New Brain Mechanism Discovered That Links Objects in Memory

Summary: Using machine learning together with brain imaging, researchers have quantified how objects that frequently appear together in the world are linked in the mind and located a specific brain region that represents those contextual associations.

Source: Johns Hopkins University

When people see a single object — a toothbrush, a car, a tree — their brain automatically brings to mind other items and settings that typically accompany that object. These automatic links help us form context, anticipate what to expect in an environment, and recognize scenes more efficiently.

Researchers combined large-scale image databases, machine-learning models, and functional MRI to measure how often objects co-occur in real-world scenes and to determine where in the brain these statistical associations are represented.

The study, published in Nature Communications, provides the first large-scale quantification of object co-occurrence in visual contexts and pinpoints a cortical region that appears to encode these associations.

“When we see a refrigerator, we aren’t just processing the appliance itself — we also activate a web of related items and settings, like cabinets, stoves, or sinks that typically appear in a kitchen,” said corresponding author Mick Bonner, a cognitive scientist at Johns Hopkins University. “Our work is the first to quantify that effect and to identify a brain region where this contextual information is represented.”

In a two-part approach, Bonner and co-author Russell Epstein of the University of Pennsylvania analyzed a labeled image database containing thousands of photographs of indoor and outdoor scenes.

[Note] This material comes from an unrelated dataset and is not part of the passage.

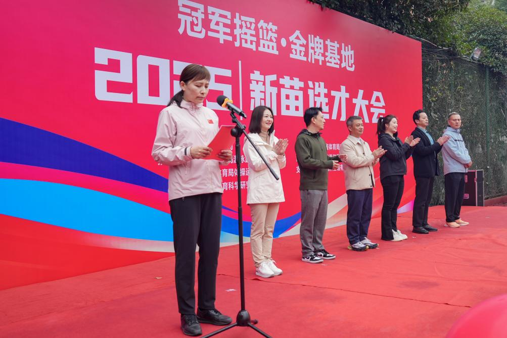 为深入贯彻落实《省体育局2025年“青少年体育育苗强基提能工程”建设“61530X行动”实施方案》,11月8日,“冠军摇篮 金牌基地”2025年新苗选才大会在省体育局崇仁中心举行。崇仁中心主任樊光正宣布开幕。省体育局群众体育处二级调研员雷青松,奥运冠军李小双、肖海亮,世界冠军何丽娜,体育馆小学校长鄢明丹共同启动开幕式。
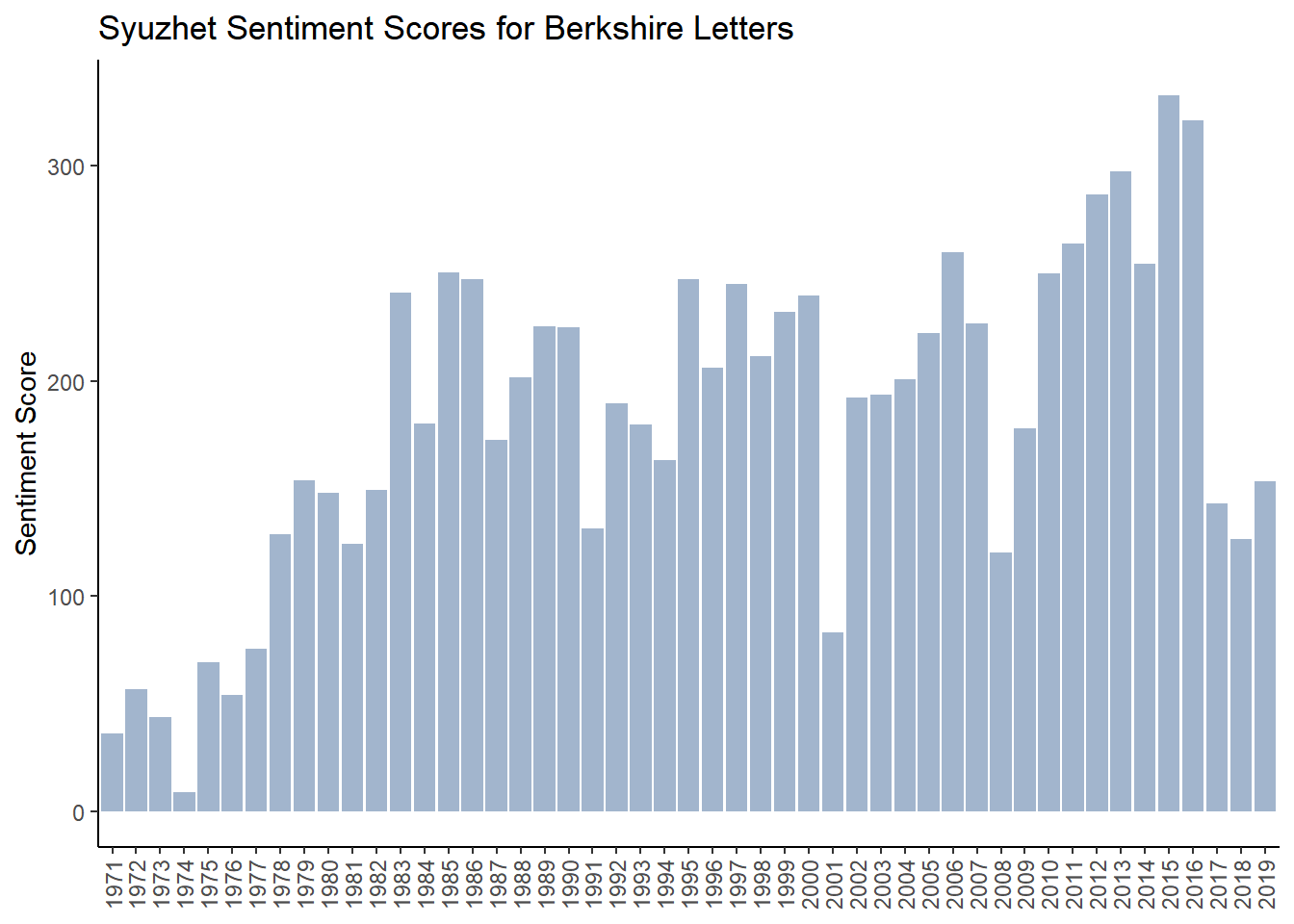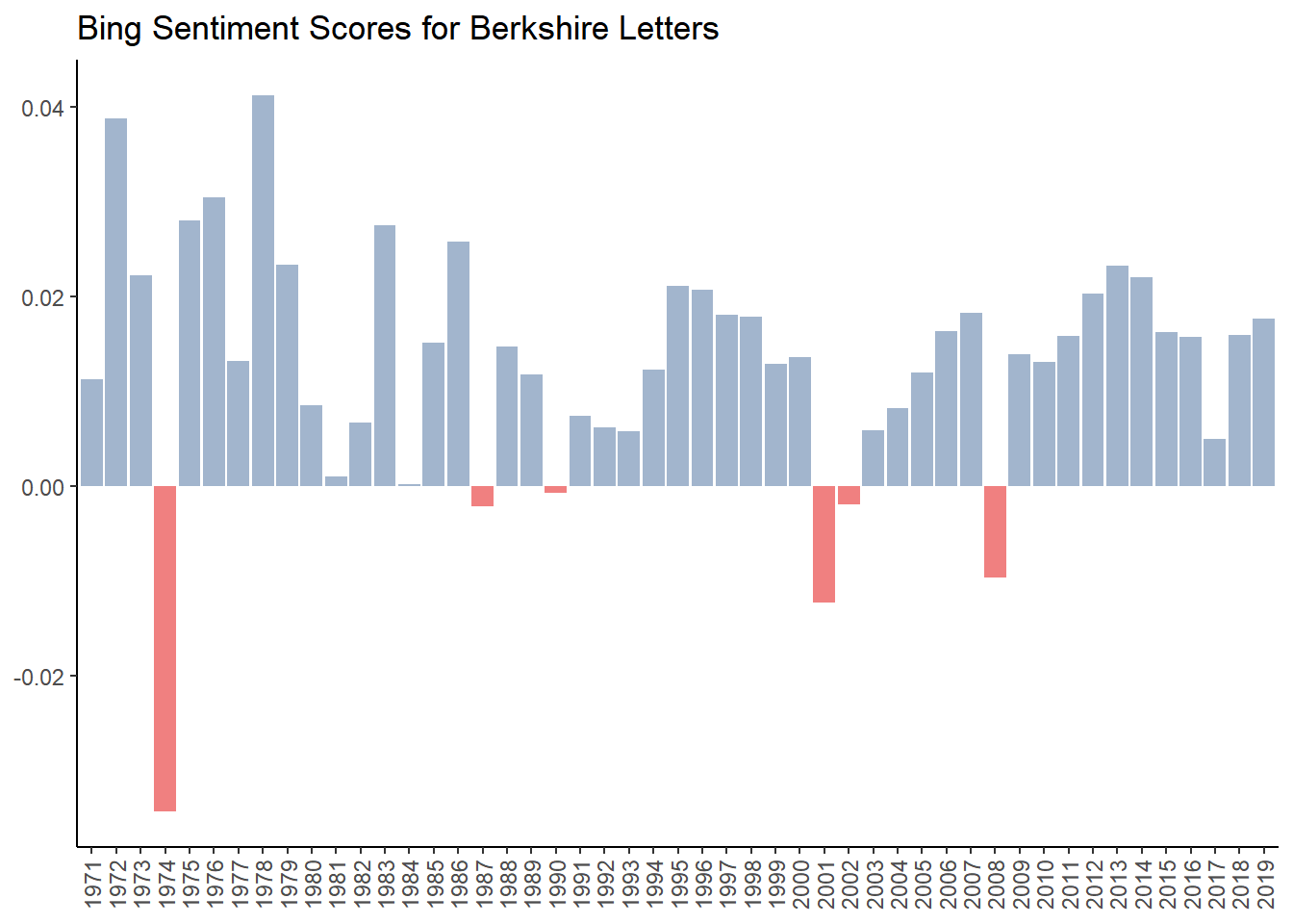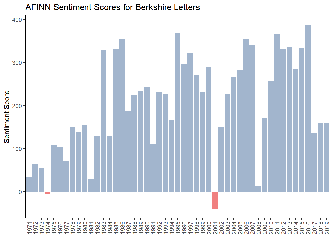 I want to set expectations before moving further. It would be great if we could use changes in the sentiment of Warren Buffett’s letters to predict movement in Berkshire’s stock to make millions of dollars. I can say with full confidence that this won’t happen. Sentiment will likely be a coincident indicator at best. What the sentiment score will represent is an “educated guess” of Buffett’s attitude, gleaned from his letters, concerning a mix of the performance over the past year and the outlook going forward. Given that the market is extremely efficient, any positive or negative performance over the past year as well as expectations for future performance will already be incorporated into Berkshire’s stock price. Therefore it is unlikely that the sentiment of Berkshire’s letters will influence it’s stock price. In fact, one could do a simple event study to see if Berkshire’s stock price has a meaningful change in the trading days after the letter is released. But since fourth quarter earnings are release simultaneously with the letter it would be difficult to disentangle the sentiment of the letter from the performance of the business (the latter of which should already be incorporated into the stock price anyway). Bottom line: my expectations are low and so should yours.

Each photograph included detailed annotations for individual objects — mugs, cars, trees, utensils and more — enabling the team to measure which objects tend to appear together across real-world scenes.

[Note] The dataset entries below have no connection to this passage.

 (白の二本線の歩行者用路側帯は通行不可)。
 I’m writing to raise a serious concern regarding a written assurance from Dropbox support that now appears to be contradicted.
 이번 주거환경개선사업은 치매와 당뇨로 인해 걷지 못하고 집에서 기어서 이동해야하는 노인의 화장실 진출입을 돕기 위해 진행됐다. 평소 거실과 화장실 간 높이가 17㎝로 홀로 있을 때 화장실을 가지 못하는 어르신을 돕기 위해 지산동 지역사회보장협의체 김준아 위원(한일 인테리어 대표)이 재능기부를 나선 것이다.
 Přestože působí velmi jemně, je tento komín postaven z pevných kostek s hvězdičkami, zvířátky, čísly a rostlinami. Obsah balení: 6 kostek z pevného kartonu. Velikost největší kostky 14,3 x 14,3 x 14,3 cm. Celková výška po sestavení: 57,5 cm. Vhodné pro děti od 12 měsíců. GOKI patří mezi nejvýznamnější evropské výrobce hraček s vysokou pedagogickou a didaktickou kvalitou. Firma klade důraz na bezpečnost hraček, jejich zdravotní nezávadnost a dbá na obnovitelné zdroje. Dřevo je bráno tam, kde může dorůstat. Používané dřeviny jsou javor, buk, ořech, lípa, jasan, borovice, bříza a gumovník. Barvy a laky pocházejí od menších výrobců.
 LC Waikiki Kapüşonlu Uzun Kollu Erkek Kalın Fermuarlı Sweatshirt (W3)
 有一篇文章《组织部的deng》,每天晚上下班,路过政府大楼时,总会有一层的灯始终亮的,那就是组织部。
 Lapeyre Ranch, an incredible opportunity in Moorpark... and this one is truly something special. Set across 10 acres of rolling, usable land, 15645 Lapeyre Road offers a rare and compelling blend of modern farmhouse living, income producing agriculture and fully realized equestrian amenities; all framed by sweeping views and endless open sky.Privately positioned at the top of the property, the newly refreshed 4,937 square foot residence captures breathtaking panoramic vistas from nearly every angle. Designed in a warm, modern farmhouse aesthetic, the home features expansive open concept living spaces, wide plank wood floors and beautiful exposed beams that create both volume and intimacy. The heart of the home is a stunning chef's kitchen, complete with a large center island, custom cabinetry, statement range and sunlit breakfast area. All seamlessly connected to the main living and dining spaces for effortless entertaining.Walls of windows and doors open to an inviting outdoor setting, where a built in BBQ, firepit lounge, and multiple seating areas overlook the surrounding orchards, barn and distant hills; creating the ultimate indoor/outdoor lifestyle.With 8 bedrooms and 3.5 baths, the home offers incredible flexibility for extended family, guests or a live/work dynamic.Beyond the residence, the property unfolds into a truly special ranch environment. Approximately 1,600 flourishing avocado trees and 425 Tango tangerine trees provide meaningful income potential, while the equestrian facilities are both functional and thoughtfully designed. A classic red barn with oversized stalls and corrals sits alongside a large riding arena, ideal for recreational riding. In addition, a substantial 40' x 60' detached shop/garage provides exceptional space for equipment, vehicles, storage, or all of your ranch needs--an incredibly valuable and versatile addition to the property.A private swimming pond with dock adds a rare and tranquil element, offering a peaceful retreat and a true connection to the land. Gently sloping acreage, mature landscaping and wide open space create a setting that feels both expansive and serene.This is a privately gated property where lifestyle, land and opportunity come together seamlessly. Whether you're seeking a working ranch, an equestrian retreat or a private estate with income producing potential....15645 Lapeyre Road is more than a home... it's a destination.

Using statistical modeling and machine-learning algorithms, the researchers derived quantitative measures of object co-occurrence: for example, the probability of encountering a pen when a keyboard is visible, or the likelihood of seeing a boat when a dishwasher appears in the data set. These models produced low-dimensional representations that capture the latent statistical structure of object contexts.

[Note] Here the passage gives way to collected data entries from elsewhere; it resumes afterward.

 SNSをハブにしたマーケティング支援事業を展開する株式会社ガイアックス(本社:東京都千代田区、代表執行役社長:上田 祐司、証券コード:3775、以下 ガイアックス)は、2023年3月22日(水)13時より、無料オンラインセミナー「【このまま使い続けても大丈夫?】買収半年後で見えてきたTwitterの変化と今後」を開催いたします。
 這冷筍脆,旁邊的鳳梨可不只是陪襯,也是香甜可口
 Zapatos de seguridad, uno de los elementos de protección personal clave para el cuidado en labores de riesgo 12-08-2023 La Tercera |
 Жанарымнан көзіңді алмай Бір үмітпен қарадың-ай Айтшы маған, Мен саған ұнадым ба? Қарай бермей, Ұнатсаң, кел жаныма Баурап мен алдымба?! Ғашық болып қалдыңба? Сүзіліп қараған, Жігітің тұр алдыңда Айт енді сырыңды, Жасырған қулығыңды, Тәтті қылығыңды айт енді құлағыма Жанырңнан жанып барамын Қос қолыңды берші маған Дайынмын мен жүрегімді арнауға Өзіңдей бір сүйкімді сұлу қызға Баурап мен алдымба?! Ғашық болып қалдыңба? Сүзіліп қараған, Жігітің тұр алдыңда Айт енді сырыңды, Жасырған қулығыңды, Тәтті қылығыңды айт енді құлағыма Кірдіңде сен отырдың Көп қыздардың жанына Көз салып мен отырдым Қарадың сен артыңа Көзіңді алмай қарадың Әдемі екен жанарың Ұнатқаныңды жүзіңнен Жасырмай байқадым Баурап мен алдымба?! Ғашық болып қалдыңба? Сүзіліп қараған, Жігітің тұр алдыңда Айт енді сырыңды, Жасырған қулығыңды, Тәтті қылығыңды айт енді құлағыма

This shows groups of different words in different colors — Objects that frequently occur together, displayed in a heat-map style. Credit: Johns Hopkins University

With object co-occurrence quantified, the team then searched for neural representations of these statistics. While participants viewed isolated object images during functional MRI scanning, the researchers tested whether any brain region’s responses covaried with the statistical co-occurrence profiles produced by their models.

They identified a region in the visual cortex known for processing spatial layouts and scenes — the parahippocampal cortex, overlapping the anterior portion of the scene-selective parahippocampal place area — as the site most strongly encoding visual co-occurrence statistics. In other words, responses in this region to single objects reflected the ensembles of other items those objects typically appear with.

“When you look at an airplane, this region not only signals the plane’s shape and features but also activates contextual information such as sky, clouds and runways,” Bonner explained. “A brain region long associated with spatial scene processing also carries information about which objects go together in the world.”

By contrast, a language-based statistical model that captured how object names co-occur in written text showed stronger relationships with nearby object-selective visual cortex regions, suggesting a dissociation between visual experience–based and language-based contextual representations in neighboring cortical areas.

Previous work has shown people are slower to recognize objects presented out of their usual context. This study extends that knowledge by providing a fine-grained, data-driven account of the statistical relationships among objects in visual environments and identifying how those relationships are represented in the human brain.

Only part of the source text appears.